• **Data for review**
......
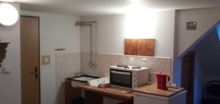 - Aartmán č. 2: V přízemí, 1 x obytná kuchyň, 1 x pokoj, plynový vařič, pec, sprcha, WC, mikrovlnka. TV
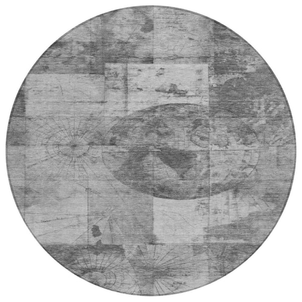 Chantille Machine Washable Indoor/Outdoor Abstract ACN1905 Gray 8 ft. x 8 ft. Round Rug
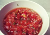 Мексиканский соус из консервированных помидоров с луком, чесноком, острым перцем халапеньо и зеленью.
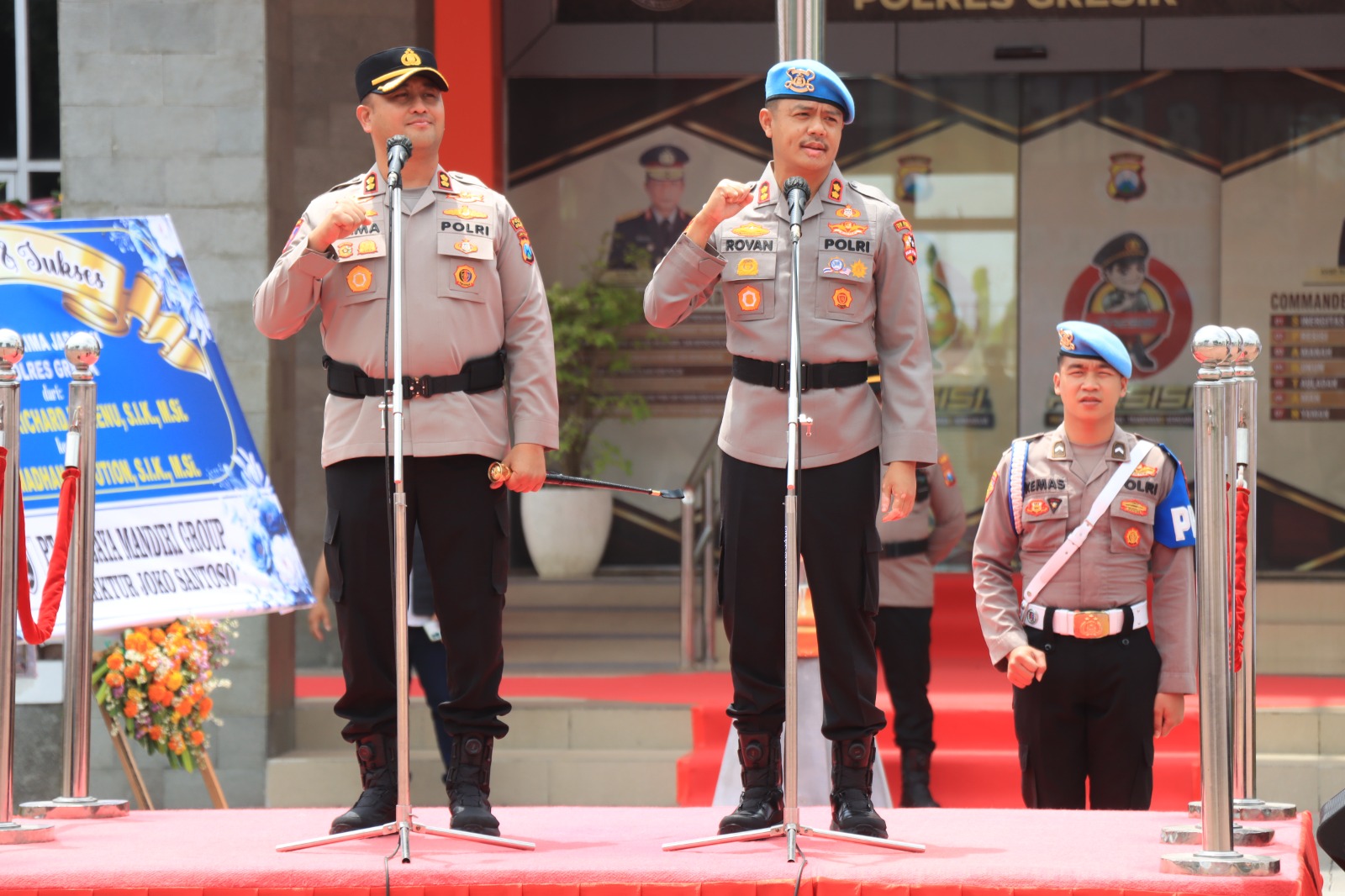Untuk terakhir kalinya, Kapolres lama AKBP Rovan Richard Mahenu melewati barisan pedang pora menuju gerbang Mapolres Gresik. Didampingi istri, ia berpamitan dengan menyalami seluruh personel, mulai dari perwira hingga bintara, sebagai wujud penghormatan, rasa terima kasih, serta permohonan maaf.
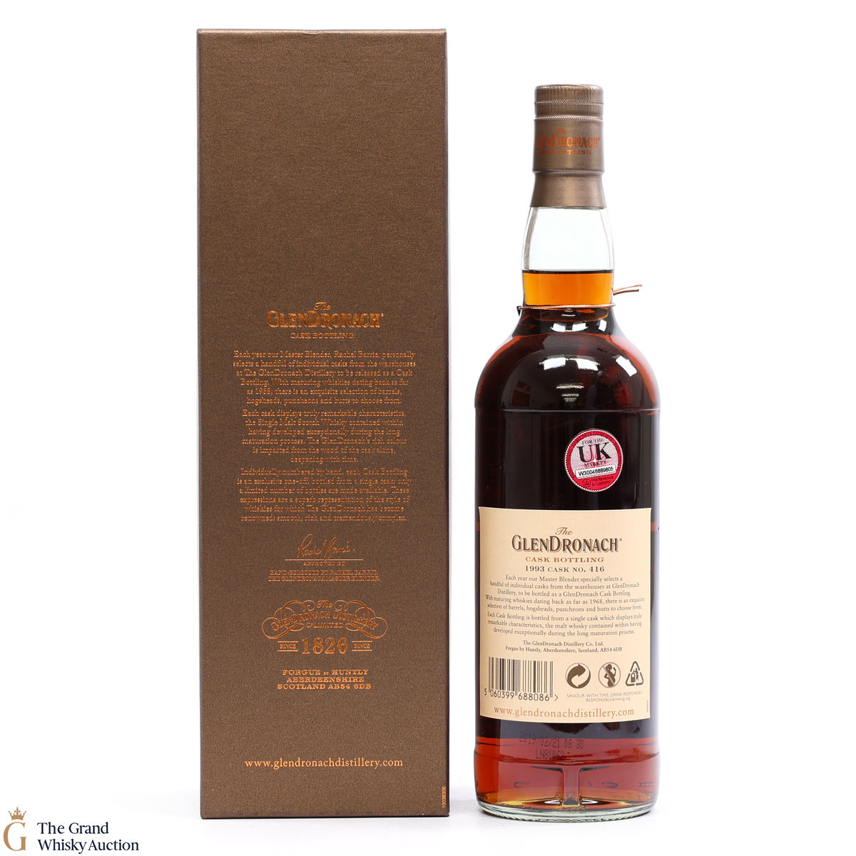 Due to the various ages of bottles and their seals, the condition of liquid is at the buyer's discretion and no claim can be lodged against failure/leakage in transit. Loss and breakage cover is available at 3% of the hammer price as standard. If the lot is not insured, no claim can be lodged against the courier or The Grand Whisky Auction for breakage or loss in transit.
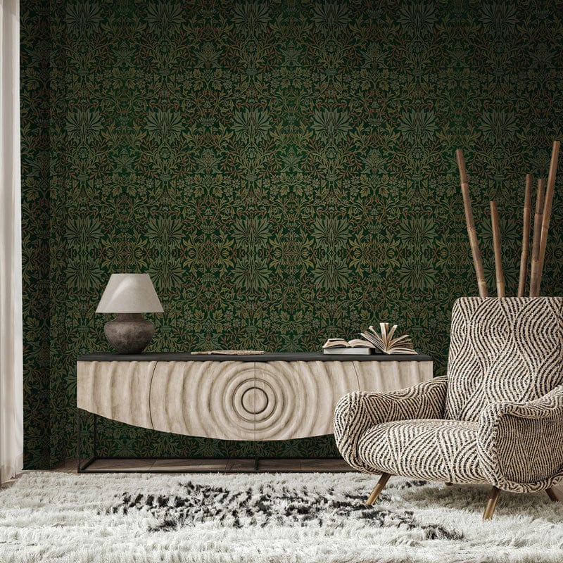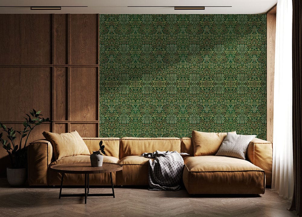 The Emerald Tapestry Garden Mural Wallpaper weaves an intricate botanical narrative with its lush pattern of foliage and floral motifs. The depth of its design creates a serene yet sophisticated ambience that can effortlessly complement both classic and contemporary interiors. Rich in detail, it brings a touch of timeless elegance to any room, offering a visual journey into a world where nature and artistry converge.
......
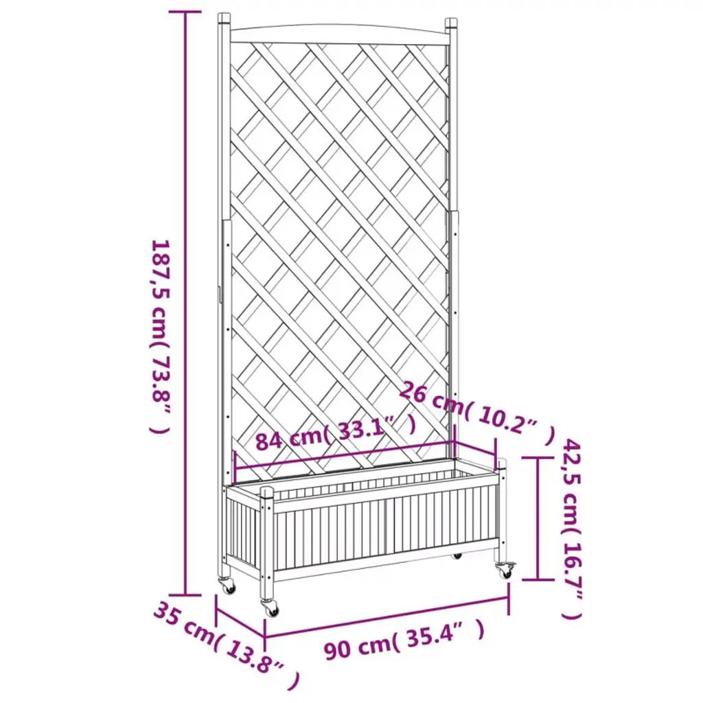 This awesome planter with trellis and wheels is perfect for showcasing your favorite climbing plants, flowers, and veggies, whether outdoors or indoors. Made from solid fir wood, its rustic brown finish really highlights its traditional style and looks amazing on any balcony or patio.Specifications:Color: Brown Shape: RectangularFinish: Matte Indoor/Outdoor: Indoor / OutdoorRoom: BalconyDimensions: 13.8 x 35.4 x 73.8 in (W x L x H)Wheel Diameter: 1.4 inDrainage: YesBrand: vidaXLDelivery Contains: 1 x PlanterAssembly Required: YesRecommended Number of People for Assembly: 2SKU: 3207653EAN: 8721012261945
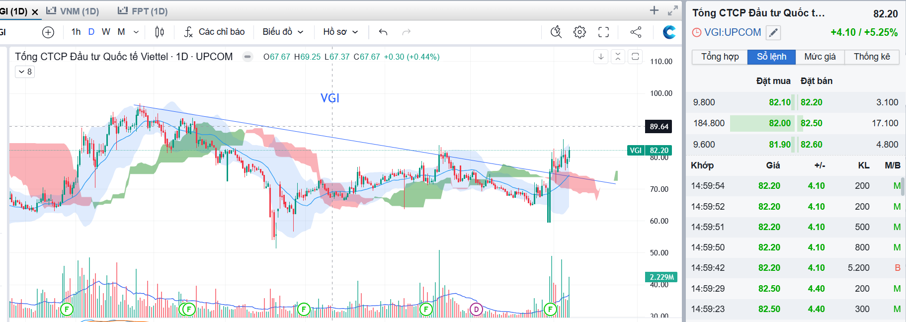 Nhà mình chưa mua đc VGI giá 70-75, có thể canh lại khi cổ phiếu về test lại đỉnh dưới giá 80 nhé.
......
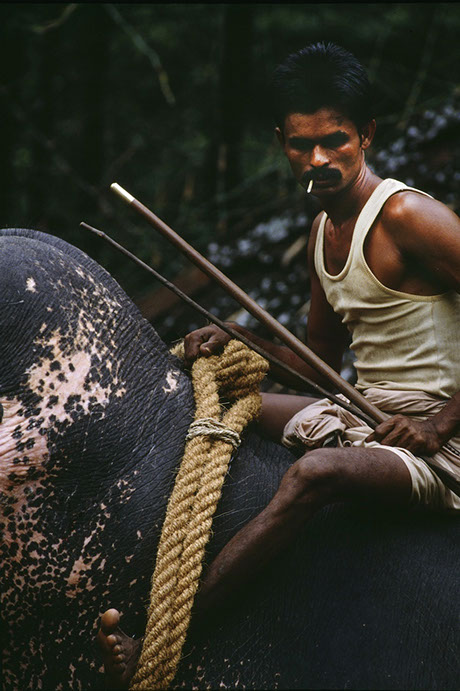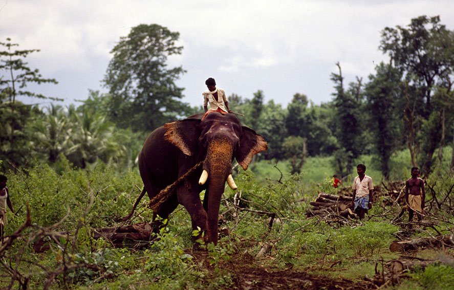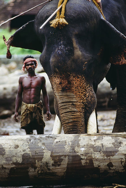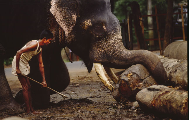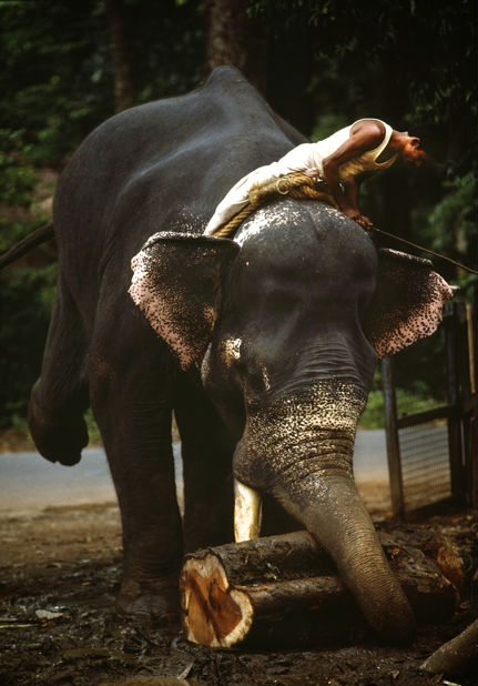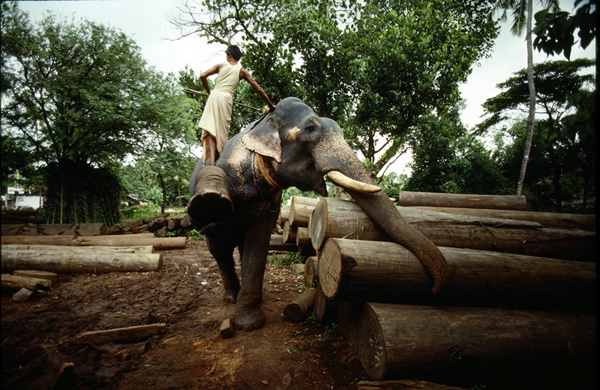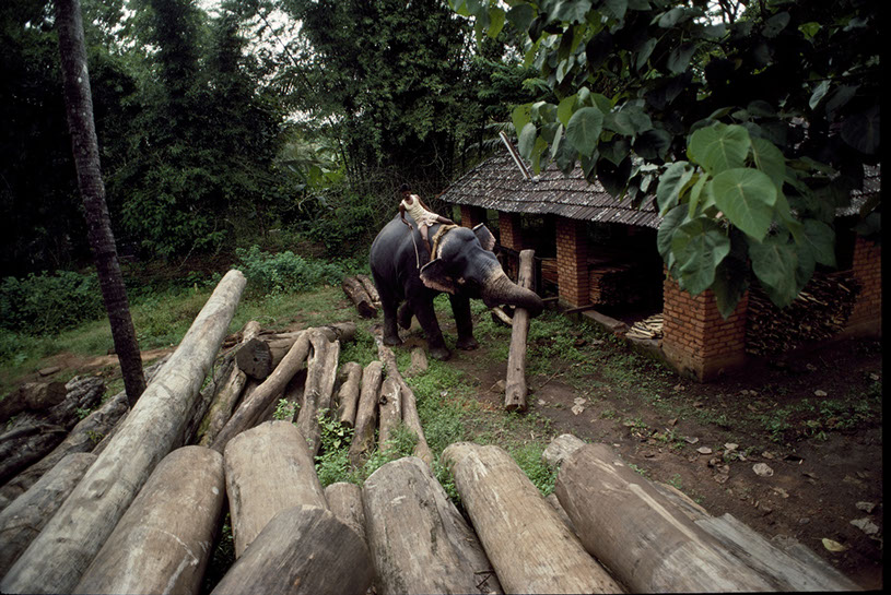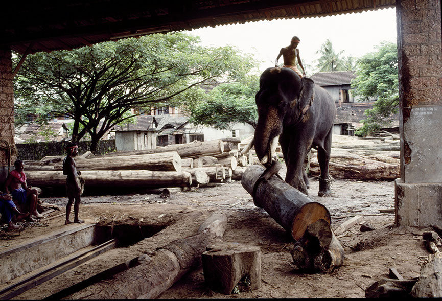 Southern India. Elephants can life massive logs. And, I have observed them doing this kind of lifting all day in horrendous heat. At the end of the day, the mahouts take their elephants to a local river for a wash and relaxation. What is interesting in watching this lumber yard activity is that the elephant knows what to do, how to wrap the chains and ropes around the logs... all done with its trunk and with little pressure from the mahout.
......
• **Aim of the exercise**
Using the records above, repeat exactly the run of lines that starts with the line with "- Aartmán č." and goes on through the line with "The Emerald Tapestry"; omit each picture.

• **Reply**
 - Aartmán č. 2: V přízemí, 1 x obytná kuchyň, 1 x pokoj, plynový vařič, pec, sprcha, WC, mikrovlnka. TV
 Chantille Machine Washable Indoor/Outdoor Abstract ACN1905 Gray 8 ft. x 8 ft. Round Rug
 Мексиканский соус из консервированных помидоров с луком, чесноком, острым перцем халапеньо и зеленью.
Untuk terakhir kalinya, Kapolres lama AKBP Rovan Richard Mahenu melewati barisan pedang pora menuju gerbang Mapolres Gresik. Didampingi istri, ia berpamitan dengan menyalami seluruh personel, mulai dari perwira hingga bintara, sebagai wujud penghormatan, rasa terima kasih, serta permohonan maaf.
 Due to the various ages of bottles and their seals, the condition of liquid is at the buyer's discretion and no claim can be lodged against failure/leakage in transit. Loss and breakage cover is available at 3% of the hammer price as standard. If the lot is not insured, no claim can be lodged against the courier or The Grand Whisky Auction for breakage or loss in transit.
 The Emerald Tapestry Garden Mural Wallpaper weaves an intricate botanical narrative with its lush pattern of foliage and floral motifs. The depth of its design creates a serene yet sophisticated ambience that can effortlessly complement both classic and contemporary interiors. Rich in detail, it brings a touch of timeless elegance to any room, offering a visual journey into a world where nature and artistry converge.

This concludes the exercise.